The central concept of the theory is a (global) attractor $\mathcal A$. By definition, it is a compact subset of the phase space $\Phi$, which is invariant with respect to the semigroup $S(t)$ and attracts the images (under the map $S(t)$) of all bounded sets as time tends to infinity. Thus, on the one hand the attractor $\mathcal A$ consists of the full trajectories of the dynamical system under consideration and contains all of its non-trivial dynamics. On the other hand, it is essentially smaller than the initial phase space. In particular, the compactness assumption shows that the higher modes are indeed suppressed, so even the existence of a global attractor supports somehow the conjecture of finite-dimensionality.

The ultimate goal of the present survey is to develop a unified approach to the theory of attractors for dissipative dynamical systems generated by PDEs and to clarify its role in the rigorous justification of the above-mentioned conjecture of finite-dimensionality.
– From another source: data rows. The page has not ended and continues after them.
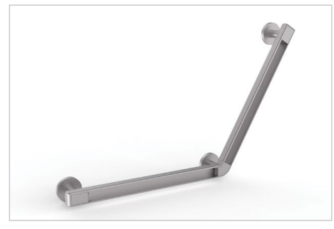
30 Degree Angled Grab Bar Finish: Brushed Nickel 16" | 01AN16BN 24" | 01AN24BN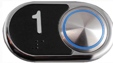
BS Classic Series pushbutton with Julius surround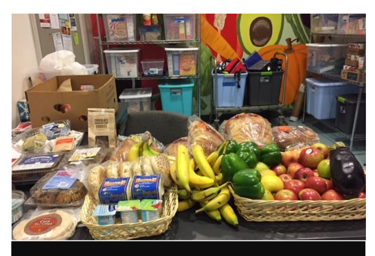
"Falcon's Market" 2016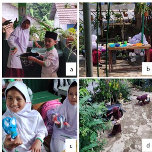
Figure 1. Implementation of Students' Environmental Care Behavior; (a) Daily Picket; (b) buying food using container; (c) waste management activities; (d) students picking garbage in the field.

The last result concerns the students' interviews related to personal knowledge and experience. Students have very good environmental care behavior. Respondents apply a clean and healthy lifestyle at school and in their houses. It started with sweeping and mopping the floor, throwing trash in its place, and washing dishes. However, each respondent assessed that the school environment and residence were still dirty.

We emphasize from the very beginning that, although the study of such systems is also strongly based on the analysis of PDEs (for instance, the well-posedness of the 3D Navier–Stokes problem is one of the most challenging open problems in the theory of PDEs, and the absence of a reasonable answer whether and in what sense this system is well posed clearly affects the attractor theory for the Navier–Stokes equations), a more or less detailed exposition of the modern methods of the analysis of PDEs is far beyond the scope of this survey, where we concentrate mainly on various dynamical concepts of the theory of attractors.

The systematic study of the dynamical properties of dissipative PDEs started, to the best of our knowledge, from the pioneering papers of Foias and Prody [75] and Ladyzhenskaya [147] and has been motivated by the dream to understand the turbulence using the methods of the theory of dynamical systems for ODEs. In particular, the existence of an invariant measure for the Navier–Stokes system, as well as finitely many determining modes, was established in [75] and the object which coincides with the modern attractor for the Navier–Stokes problem was implicitly introduced in [147]. We mention also [16], where the global attractors were introduced with applications to delay differential equations. The theory of attractors has been intensively developing during the last 50 years and many interesting and promising results have been obtained; see [12], [8], [38], [43], [44], [93], [149], [174], [192], [215], [223], [243], and the references therein. In particular, one of the main results of the attractor theory claims that, under the mild assumptions on the dissipative system generated by an evolutionary PDE in a bounded domain, the corresponding attractor $\mathcal A$ has a finite fractal dimension:

$$ \begin{equation*} \dim_{\rm f}(\mathcal A,\Phi)<\infty. \end{equation*} \notag $$
Combining this fact with Mané’s projection theorem, we get a one-to-one homeomorphic projection of the attractor $\mathcal A$ onto a finite-dimensional set $\overline{\mathcal A}\subset\mathbb{R}^N$. Moreover, the reduced dynamics on $\overline {\mathcal A}$ is governed by a system of ODEs. Thus, the existence of a finite-dimensional attractor allows us to build up an inertial form of the dissipative PDE under consideration and justify somehow the finite-dimensionality conjecture; see [193], [243], and the references therein for more details.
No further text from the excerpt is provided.